Мережковский не покладая рук пропагандировал то же самое. На его языке это называлось постижением Иисуса Неизвестного, или же устремлением к христианству будущего, которое потребует отрицания традиционных жизненных форм и установлений, поскольку все они созданы историей, а история себя исчерпала. История — это плоскость и плоть, тогда как полноценное человеческое бытие требует вертикали и духа. И нужно найти себя не в истории, но в Евангелии, словно бы постоянно сводя небо на землю и как живую истину воспринимая откровения Иисуса, «увидев Его у себя в доме сегодня». Вот тогда завершится история в ее дурной бесконечности, исчезнет «мировая пошлость» и приблизится пришествие Духа. Евангелие — самая неизвестная из книг, потому что нельзя эту книгу прочитать, не делая того, что в ней сказано. Но именно так ее и пробуют усвоить вот уже двадцать веков.

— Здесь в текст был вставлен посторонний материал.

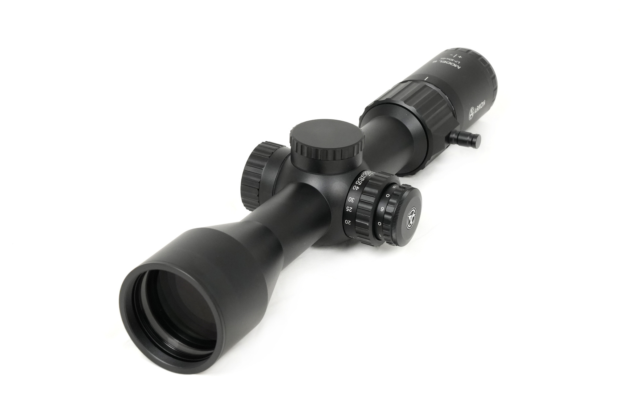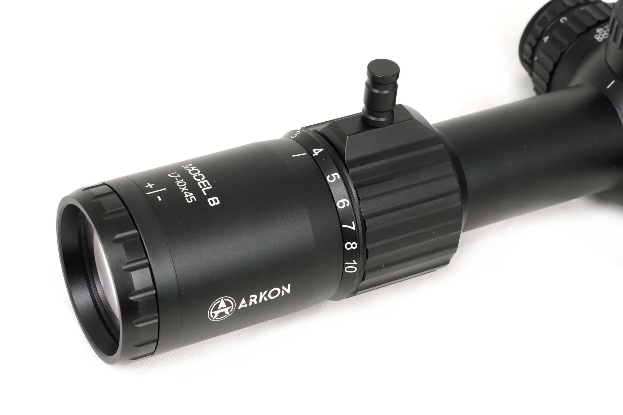 Прицельная сетка прицела Arkon Model B 1,7-10x45 расположена во второй фокальной плоскости, что сохраняет ее постоянный размер при изменении увеличения. Сетка выгравирована непосредственно на стекле, это гарантирует четкость изображения и долговечность. Многоуровневая подсветка позволяет легко приспособиться к различным уровням внешнего освещения, обеспечивая высокую точность прицеливания, а также отличную видимость на темном фоне мишеней.

Церковь отнеслась к этой философии сдержанно: не как к ереси, но как к причуде крупного писателя, который искренне озабочен будущим христианской идеи, только ищет его не на тех путях, где следовало бы. Над гробом Мережковского Евлогий, глава Русской зарубежной церкви, говорил о том, что он был великий человек, но упомянул и о разногласиях, о нарушениях доктрины. Потом оценки стали намного более жесткими. Мережковскому не прощали нападок на современное христианство, которое он называл «оскопленной религией», поскольку для нее ничего не значит пол. Приверженцы ортодоксального православия не вняли его призывам к «религиозной революции — предельной и окончательной, ниспровергающей всякую человеческую власть». В этих рассуждениях слишком ясно чувствовался привкус анархизма, распознавалась апология вселенского пожара во имя грядущего рая. Вдруг оказывалось, что Мережковский, страстный ненавистник большевиков, в чем-то главном с ними сходится: тоже требует покончить с государством, церковью, семьей, со всеми социальными установлениями, на которых основан нынешний порядок вещей. Разумеется, он этого требует не для установления «диктатуры пролетариата», а во имя «абсолютной свободы» и «мистического безвластия», но так ли существенны подобные различия, если совпадают конечные цели, а стало быть, и методы?
Путь к Иисусу Неизвестному, в сущности, означал отказ от идеи личного спасения, фундаментальной для христианства. Она у Мережковского подменена проповедью оргиастической любви, когда искушающая прелесть оказывается синонимом благости, а нормы этики, которыми сдерживаются устремления к распущенности и вседозволенности, объявлены изжившими себя. Они принадлежат «исторической церкви», но ее время на исходе, и близится торжество «нового религиозного сознания».
Даже находившие, что эта мысль очень глубока, все-таки делали уточняющие оговорки, подчас противореча самим себе. Терапиано, принадлежавший к узкому кругу тех, кого на Колонель Бонне считали своими, много лет спустя писал: «Для среднего эмигрантского уровня Мережковский был слишком труден и слишком тревожен», — непонимание оказывалось неизбежным. Но и Терапиано все-таки пришлось признать, что «Иисус Неизвестный» — неудача, поскольку Мережковскому изменила интуиция. А когда это случалось, он «порой бывал даже как-то беспомощно бескрыл, порою — слеп, порою — жесток, порою — напоминал начетчика».
Философ Иван Ильин, стойкий противник Мережковского, высказывался намного резче, причем его суждения относились к самому известному произведению мэтра, созданному задолго до эмиграции, — к трилогии «Христос и Антихрист». Ильин обратил внимание на многочисленные сцены, в которых демонстрируется, что «извращенное нормально, нормальное извращенно», и славится язычество с его дикими ритуалами («девушку вкладывают в деревянное подобие коровы и отдают в таком виде быку»), и Христос оказывается уподоблен Дионису, у римлян известному под именем Вакха. Религию Мережковского Ильин определил как оправдание и прославление вакханалий, отказывая ей в какой бы то ни было родственности христианскому учению. У Терапиано формулировки, конечно, намного более сдержанные, однако и он отметил: вся суть в том, что «по духовному своему составу и по качествам своего интеллекта… Мережковский был ближе к эллинским мистериям и к языческой мудрости, чем к Евангелию». В этом и состояла его трагедия: личная, творческая.